Pseudoepitheliomatous hyperplasia (PEH) is a benign condition characterized by an overgrowth of skin cells in the epidermis, the outermost layer, and associated structures like hair follicles and sweat glands. This condition is not a form of cancer but a reactive proliferation of cells. Despite its benign nature, PEH can closely resemble squamous cell carcinoma, often leading to initial concerns about malignancy.
Underlying Causes and Triggers
PEH is a reactive process triggered by external stimuli or underlying disease. It often arises from prolonged inflammation or chronic infection. Causes include chronic wounds, ulcers, trauma, deep fungal infections, mycobacterial infections, tuberculosis, and syphilis. It can also be associated with skin conditions or underlying tumors, such as granular cell tumors and melanocytic lesions. Cases are also reported following tattooing and Mohs micrographic surgery.

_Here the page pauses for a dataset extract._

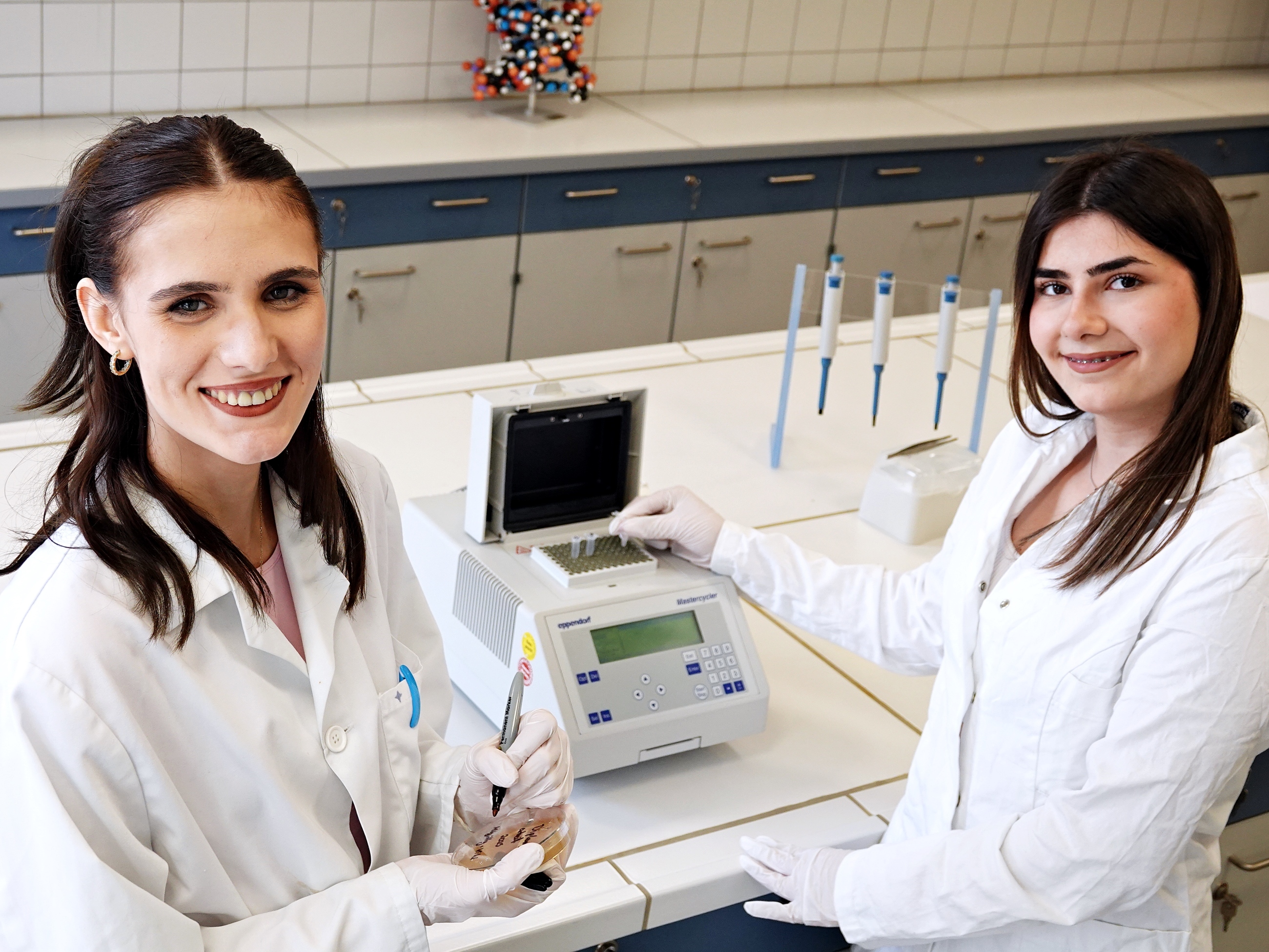 Viktoria Boga and Migitty Iskenderian impressed the expert jury with their investigation into the biodegradation of plastics by fungi. While the two students were analyzing plastic waste, they discovered a fungus that can apparently feed on plastics. They isolated this fungus and discovered that a variety of plastics can be degraded by this type of fungus. With this discovery, the two researchers secured second place.

Clinical Presentation and Symptoms
PEH lacks distinctive clinical features. It appears as a well-demarcated plaque or nodule, with variable scaling and crusting. Ulceration may be present.

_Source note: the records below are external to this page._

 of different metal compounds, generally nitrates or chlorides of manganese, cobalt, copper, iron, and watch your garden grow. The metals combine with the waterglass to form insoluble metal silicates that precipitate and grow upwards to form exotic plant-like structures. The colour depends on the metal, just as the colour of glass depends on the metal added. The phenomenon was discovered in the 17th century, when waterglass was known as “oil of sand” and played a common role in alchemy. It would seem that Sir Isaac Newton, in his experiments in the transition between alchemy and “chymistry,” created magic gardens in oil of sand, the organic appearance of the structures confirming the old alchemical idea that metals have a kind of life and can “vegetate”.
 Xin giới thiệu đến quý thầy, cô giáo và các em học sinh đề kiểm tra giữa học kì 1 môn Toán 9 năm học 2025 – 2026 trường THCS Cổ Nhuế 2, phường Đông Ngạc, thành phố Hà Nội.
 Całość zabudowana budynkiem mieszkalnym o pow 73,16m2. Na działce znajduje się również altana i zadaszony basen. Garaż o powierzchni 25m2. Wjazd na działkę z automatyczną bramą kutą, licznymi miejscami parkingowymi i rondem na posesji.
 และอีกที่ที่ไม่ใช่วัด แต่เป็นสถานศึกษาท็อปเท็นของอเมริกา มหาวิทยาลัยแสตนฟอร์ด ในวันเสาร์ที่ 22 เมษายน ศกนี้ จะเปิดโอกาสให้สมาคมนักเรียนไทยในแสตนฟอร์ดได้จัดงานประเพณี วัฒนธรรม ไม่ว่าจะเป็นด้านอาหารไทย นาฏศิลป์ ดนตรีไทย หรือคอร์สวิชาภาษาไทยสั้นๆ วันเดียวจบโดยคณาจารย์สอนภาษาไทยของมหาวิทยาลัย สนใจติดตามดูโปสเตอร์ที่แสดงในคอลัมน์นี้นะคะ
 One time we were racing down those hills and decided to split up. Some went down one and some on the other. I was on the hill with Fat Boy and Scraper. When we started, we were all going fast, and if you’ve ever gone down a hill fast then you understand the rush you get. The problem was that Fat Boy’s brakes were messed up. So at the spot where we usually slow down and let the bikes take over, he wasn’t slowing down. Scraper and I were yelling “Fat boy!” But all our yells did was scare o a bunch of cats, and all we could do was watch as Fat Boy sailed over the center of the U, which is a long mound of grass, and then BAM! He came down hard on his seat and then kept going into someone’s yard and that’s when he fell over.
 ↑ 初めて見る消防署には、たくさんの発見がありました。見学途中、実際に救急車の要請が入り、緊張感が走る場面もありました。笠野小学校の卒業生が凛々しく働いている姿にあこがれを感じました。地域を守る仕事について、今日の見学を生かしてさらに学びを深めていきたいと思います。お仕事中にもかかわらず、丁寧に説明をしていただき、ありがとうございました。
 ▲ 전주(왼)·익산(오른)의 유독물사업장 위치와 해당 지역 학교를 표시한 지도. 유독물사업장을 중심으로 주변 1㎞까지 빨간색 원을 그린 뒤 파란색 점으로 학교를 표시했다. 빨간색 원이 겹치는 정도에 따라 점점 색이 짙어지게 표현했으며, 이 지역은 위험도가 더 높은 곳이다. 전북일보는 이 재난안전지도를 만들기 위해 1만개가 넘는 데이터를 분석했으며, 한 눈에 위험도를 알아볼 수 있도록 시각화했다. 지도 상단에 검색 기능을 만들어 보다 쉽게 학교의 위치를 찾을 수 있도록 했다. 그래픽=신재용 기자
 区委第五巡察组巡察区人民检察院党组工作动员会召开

Lesions range from less than 1 cm to several centimeters, depending on the underlying cause. The lesion’s color may be similar to surrounding mucosa or pigmented. Common locations include skin, oral mucosa (gingiva, palate, tongue), and sites of chronic irritation or injury.

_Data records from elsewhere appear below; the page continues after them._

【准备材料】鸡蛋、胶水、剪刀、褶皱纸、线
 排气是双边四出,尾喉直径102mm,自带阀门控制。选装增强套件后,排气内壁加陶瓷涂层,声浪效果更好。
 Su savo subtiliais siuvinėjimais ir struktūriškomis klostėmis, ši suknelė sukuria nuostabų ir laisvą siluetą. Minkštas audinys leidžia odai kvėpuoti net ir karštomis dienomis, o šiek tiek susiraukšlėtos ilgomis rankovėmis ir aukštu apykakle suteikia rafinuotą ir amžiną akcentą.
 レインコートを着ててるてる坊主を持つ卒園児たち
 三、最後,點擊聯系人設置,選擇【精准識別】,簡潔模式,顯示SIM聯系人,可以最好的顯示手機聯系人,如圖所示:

Diagnosis and Differentiating from Cancer
Skin biopsy with histopathological interpretation is the gold standard for diagnosis. PEH shows irregular, jagged, often pointed epidermal cell masses and strands invading the dermis. It exhibits extensive acanthosis (epidermal thickening) with irregular downward projections. Keratin pearl formation (concentric layers of keratinocytes with central keratinization) may be present.
Histologically, PEH cells are well-differentiated and lack nuclear atypia, abnormal mitoses, or dyskeratosis, characteristic of SCC. Inflammatory cell infiltrate (e.g., leukocytes) is common in PEH, usually absent in SCC.
SCC shows significant squamous cell atypia, abnormal keratinization, and invasive features like vascular, lymphatic, or perineural invasion, which are absent in PEH. Careful evaluation of multiple sections, especially including the lesion’s base, and strong clinicopathological correlation are required to differentiate PEH from SCC.
Treatment and Management
The primary approach is to address the underlying cause. For infections, antibiotics or antifungals are appropriate. For chronic wounds, proper wound care is necessary.
Surgical excision is a common and recommended treatment option. Excision confirms diagnosis and serves as a cure. Grafts or flaps may be required for reconstruction if the tissue defect is severe. Prognosis is good once the underlying trigger is managed.